# The data:
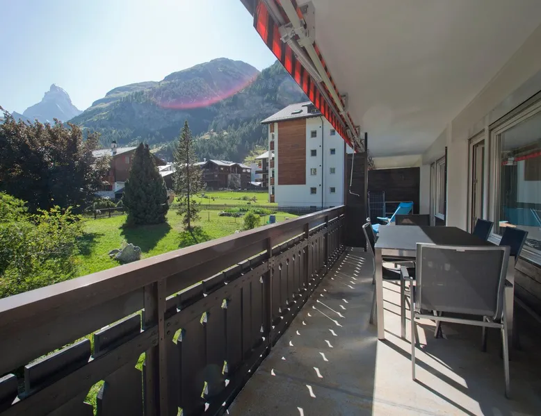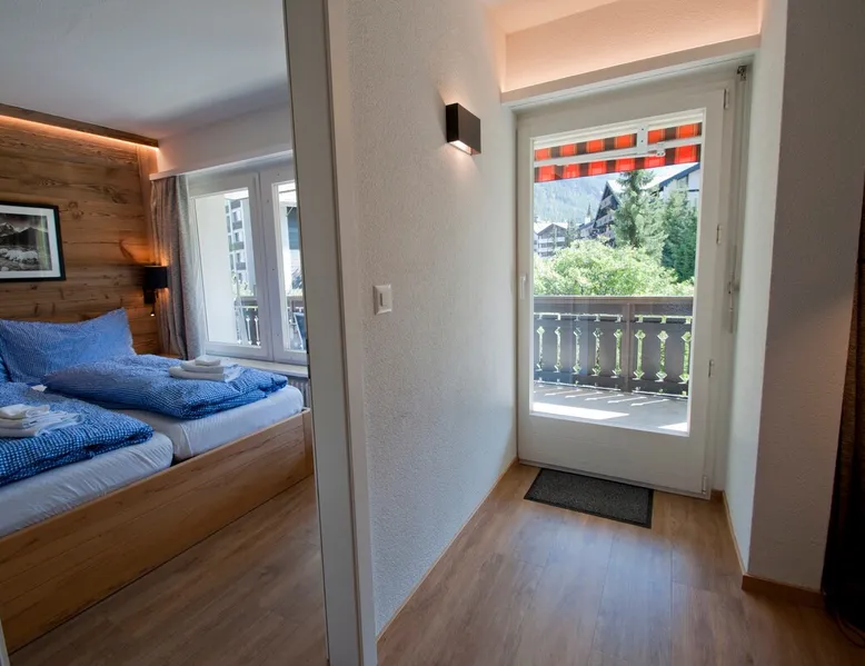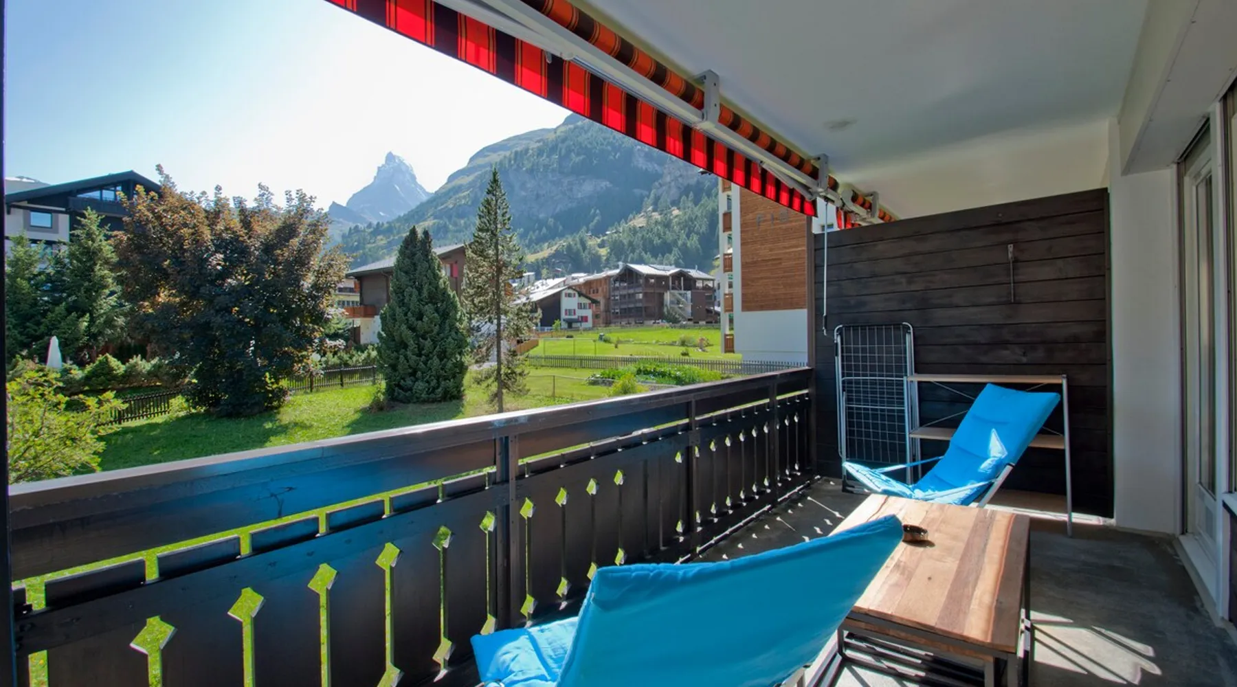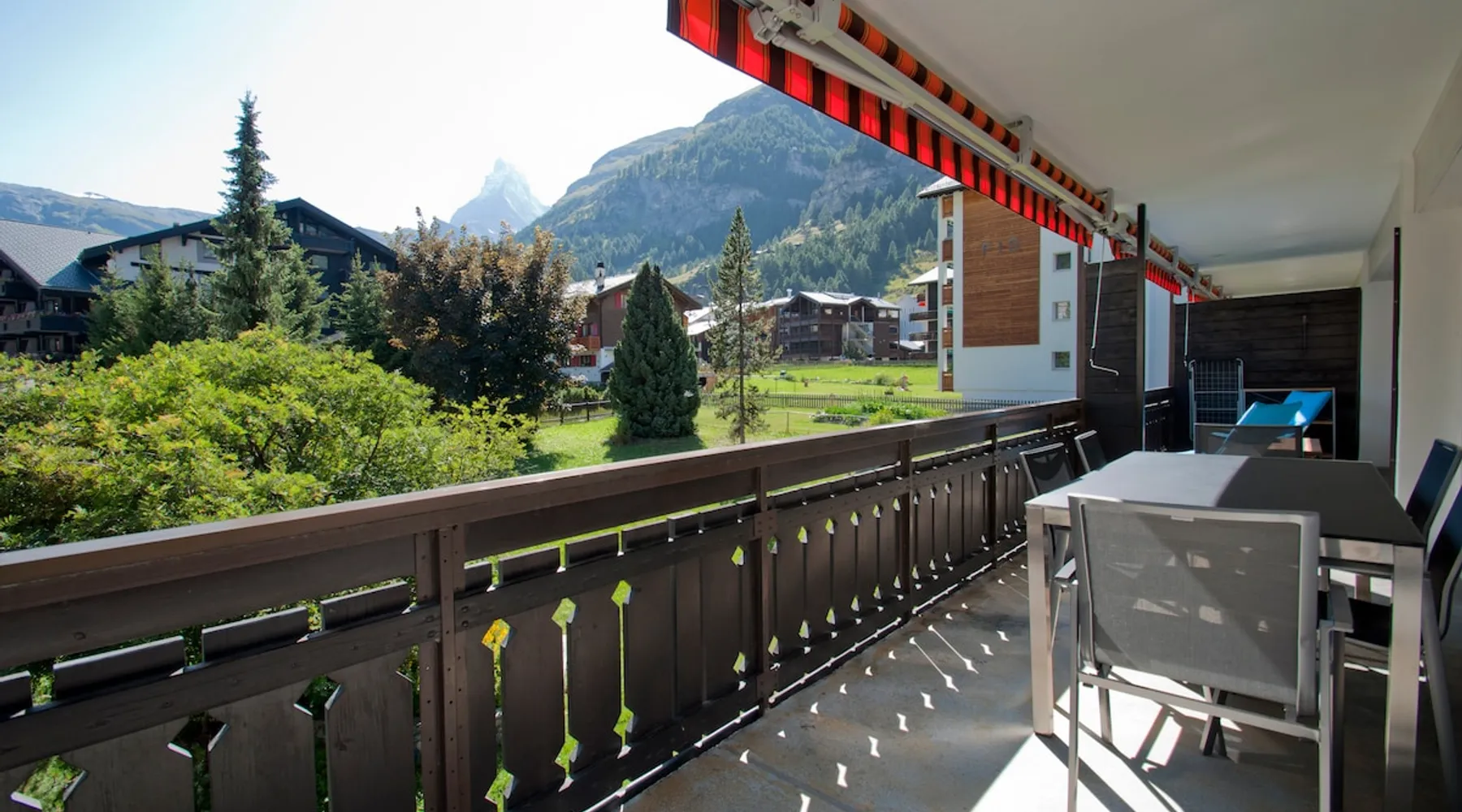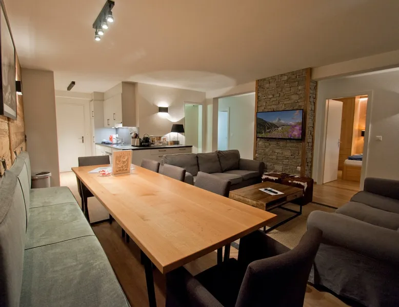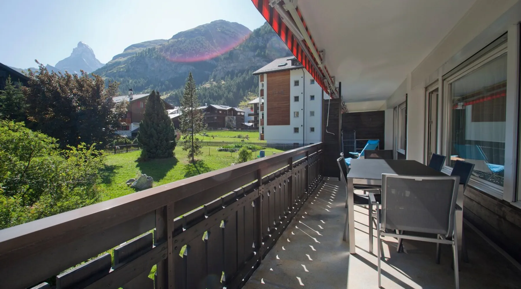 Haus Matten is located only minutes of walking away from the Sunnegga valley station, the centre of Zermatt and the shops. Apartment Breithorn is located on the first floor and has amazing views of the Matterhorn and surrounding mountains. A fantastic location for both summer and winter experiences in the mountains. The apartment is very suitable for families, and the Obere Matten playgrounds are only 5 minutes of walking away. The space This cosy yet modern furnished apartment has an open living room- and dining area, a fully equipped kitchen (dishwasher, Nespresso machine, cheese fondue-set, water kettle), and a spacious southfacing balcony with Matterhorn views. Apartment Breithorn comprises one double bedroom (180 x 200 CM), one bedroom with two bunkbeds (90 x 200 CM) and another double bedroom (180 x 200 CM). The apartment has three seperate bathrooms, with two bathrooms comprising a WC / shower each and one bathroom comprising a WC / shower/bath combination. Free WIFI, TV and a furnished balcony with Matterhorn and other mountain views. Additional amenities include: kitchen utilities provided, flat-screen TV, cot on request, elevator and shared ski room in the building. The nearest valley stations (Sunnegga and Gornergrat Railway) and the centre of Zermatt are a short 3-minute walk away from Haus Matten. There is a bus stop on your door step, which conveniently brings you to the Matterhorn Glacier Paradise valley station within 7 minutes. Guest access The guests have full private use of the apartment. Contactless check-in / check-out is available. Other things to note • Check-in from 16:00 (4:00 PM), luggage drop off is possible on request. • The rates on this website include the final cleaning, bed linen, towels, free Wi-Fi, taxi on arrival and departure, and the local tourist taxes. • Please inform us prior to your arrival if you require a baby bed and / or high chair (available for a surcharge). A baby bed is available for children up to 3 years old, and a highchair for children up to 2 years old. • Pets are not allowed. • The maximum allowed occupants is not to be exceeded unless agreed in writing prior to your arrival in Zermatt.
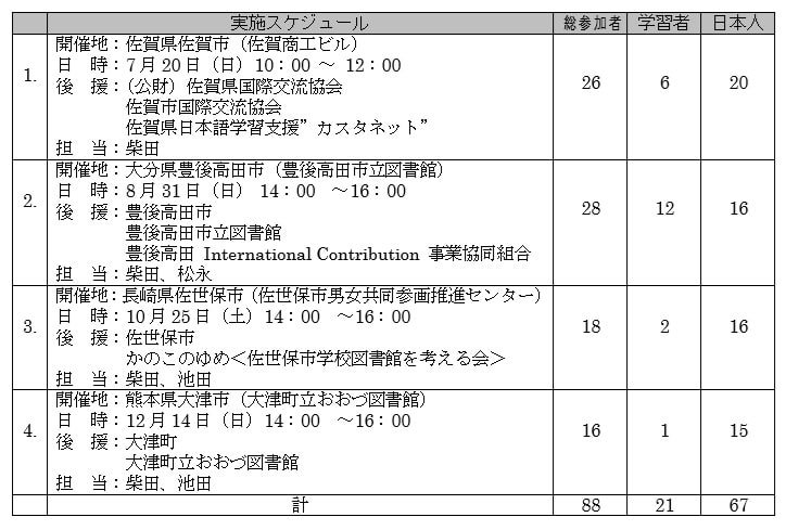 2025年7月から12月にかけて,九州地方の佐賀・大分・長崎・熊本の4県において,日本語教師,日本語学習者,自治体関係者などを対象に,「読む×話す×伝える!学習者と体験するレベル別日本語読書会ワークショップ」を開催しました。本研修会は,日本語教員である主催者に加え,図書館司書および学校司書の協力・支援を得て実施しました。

---

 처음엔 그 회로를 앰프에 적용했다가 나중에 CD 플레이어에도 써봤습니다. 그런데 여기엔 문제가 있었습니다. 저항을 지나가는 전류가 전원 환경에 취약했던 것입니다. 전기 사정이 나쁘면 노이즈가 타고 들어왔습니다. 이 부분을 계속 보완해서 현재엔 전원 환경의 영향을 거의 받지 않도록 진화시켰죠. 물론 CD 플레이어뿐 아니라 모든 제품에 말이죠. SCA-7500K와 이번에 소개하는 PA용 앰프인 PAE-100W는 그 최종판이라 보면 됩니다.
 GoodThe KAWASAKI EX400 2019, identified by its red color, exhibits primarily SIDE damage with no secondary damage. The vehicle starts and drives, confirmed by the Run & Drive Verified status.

---

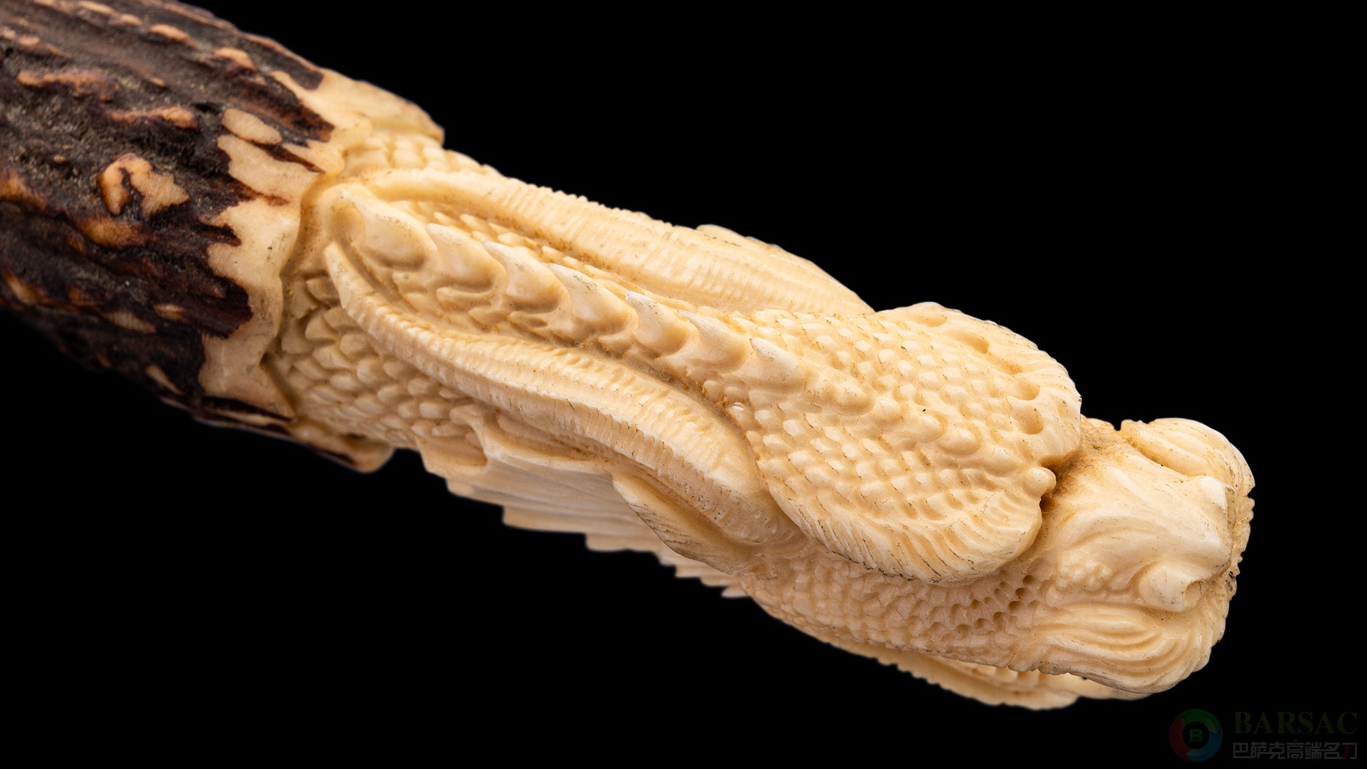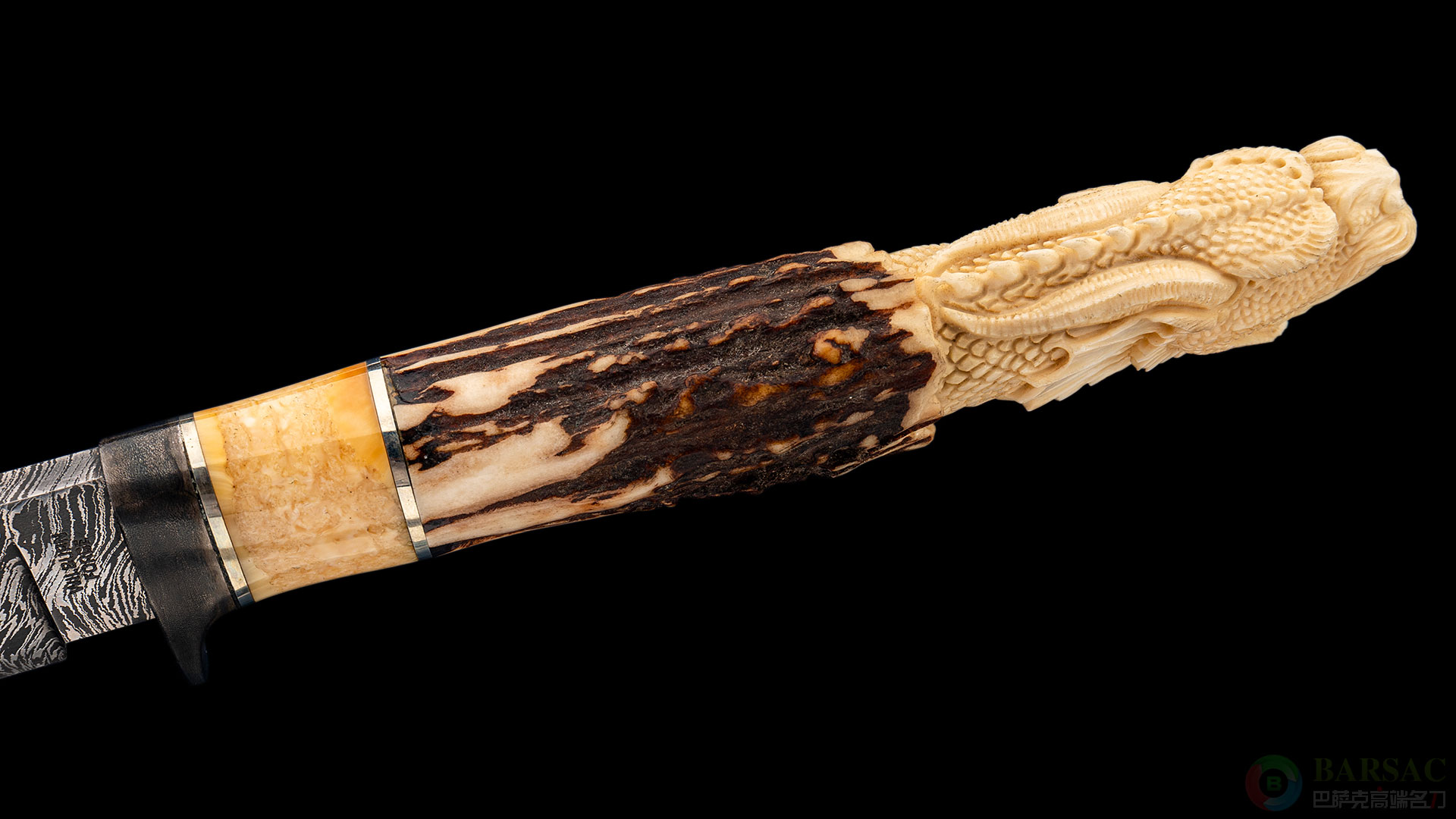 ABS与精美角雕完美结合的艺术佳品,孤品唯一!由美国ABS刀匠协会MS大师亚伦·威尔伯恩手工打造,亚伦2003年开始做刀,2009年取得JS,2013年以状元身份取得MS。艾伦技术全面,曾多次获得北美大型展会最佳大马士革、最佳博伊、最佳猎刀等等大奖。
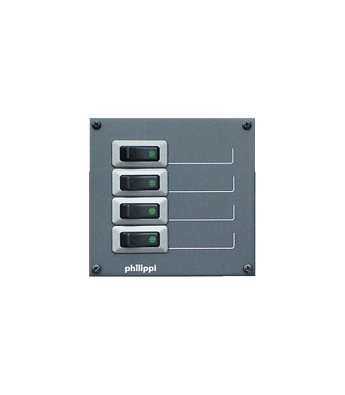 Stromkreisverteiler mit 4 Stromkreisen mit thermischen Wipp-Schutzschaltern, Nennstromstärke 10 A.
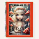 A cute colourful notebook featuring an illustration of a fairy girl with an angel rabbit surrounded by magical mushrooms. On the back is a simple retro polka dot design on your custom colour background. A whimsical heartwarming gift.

# Activity:
Write out exactly the lines above between the one with "ABS与精美角雕完美结合的艺" and the one with "A cute colourful", inclusive, with pictures left out.

# Solution to this exercise:
 ABS与精美角雕完美结合的艺术佳品,孤品唯一!由美国ABS刀匠协会MS大师亚伦·威尔伯恩手工打造,亚伦2003年开始做刀,2009年取得JS,2013年以状元身份取得MS。艾伦技术全面,曾多次获得北美大型展会最佳大马士革、最佳博伊、最佳猎刀等等大奖。
 Stromkreisverteiler mit 4 Stromkreisen mit thermischen Wipp-Schutzschaltern, Nennstromstärke 10 A.
 A cute colourful notebook featuring an illustration of a fairy girl with an angel rabbit surrounded by magical mushrooms. On the back is a simple retro polka dot design on your custom colour background. A whimsical heartwarming gift.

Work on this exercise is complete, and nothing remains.